To get to the volcano, we took the Circumvesuviana train from Garibaldi station in Naples to the Ercalano Scavi Station. From there, we took a tour bus about 9 kilometers up the volcano to the carpark. This is a very steep, winding road, which I found to be the most frightening part of the whole trip! It was particularly nerve wracking when the driver slammed on his breaks to avoid a collision with another tour bus that had just rounded a blind corner. Nothing makes you feel alive like almost tumbling down the side of a volcano in a tall bus full of tourists! The driver was very good, though, and had clearly done the drive many times.

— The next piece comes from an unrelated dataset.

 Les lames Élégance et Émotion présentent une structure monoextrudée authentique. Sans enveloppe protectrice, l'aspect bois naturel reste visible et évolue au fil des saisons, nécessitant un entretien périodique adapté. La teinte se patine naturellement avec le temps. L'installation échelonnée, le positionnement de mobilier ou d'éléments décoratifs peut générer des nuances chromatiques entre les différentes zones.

*A word on the Circumvesuviano train line: This is not the most refined train service in Europe. Mind your children and your things. A couple days after our trip to Vesuvius, we took this train a second time to visit the Pompeii ruins. It was on this trip that I was successfully pickpocketed and had my iPhone stolen. It was quite amazing (and super creepy) that someone was able to dig around in my bag without my knowledge. We were literally packed in like sardines. So, yeah, don’t overestimate how vigilant you are in regards to the security of your belongings. These guys are professionals just waiting for a mom with kids in her arms.

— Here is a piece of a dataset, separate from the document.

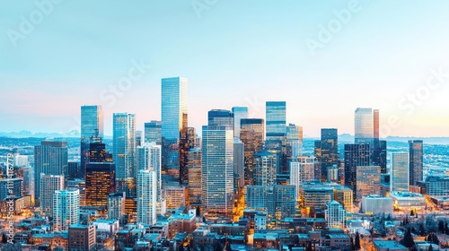 Urban skyline at sunset with modern skyscrapers and blue sky.

Upon arrival, we paid the small entrance fee and set out on our journey up to the crater. The hike is less than a mile, however, it is quite steep at parts and the railing consists of either two ropes or the wooden ones you see in our pictures. Our second child is the wild and free sort, so we were sure to keep her on the inside of the path! Fortunately, the path is fairly wide most of the way up. Ben had the little one in a backpack carrier, which was perfect. A stroller would not be practical for the climb. There were several other families also trekking the dusty, windy path.

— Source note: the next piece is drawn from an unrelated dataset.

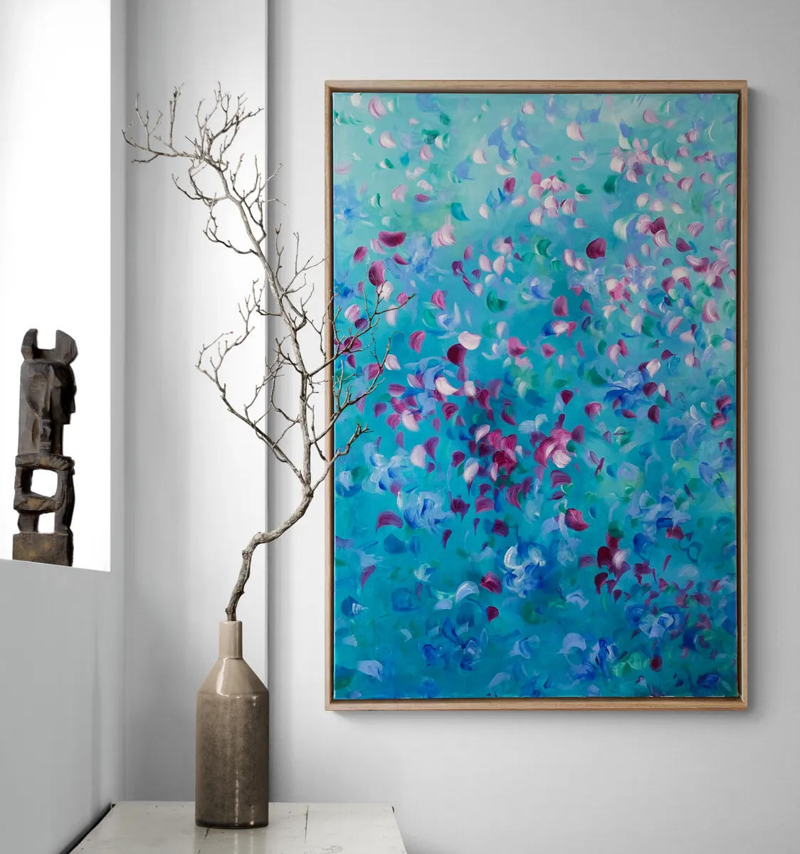 Petals chase around the canvas in this abstract floral work that celebrates the joy of flowers every day.

We strongly suggest proper footwear, especially for children. Those wearing sandals and flip-flops clearly regretted their choice, and kids in cheap light-up sneakers (while very cute) were struggling maintaining their footing on the graveled path to the spectacular crater, and having an even more difficult time on their journey down.
The kids were so proud of themselves when we arrived at the top, especially our petite four year old. They had just climbed their first volcano! The views on the way up were spectacular, but looking inside the marvelous crater of an active volcano? It was was just incredible! There are plenty of great spots to take pictures and rest for a few minutes before journeying back down.
Our son had such an adrenaline rush afterward that he wanted to just continue on to see the ancient ruins of Pompeii and Herculanium, but his sisters were totally tuckered out from the trip and needed to recuperate. Overall, we found the trip very family friendly and our kids are still talking about it!
Have you visited Mount Vesuvius with children? What advice would you give to other families interested in visiting the volcano?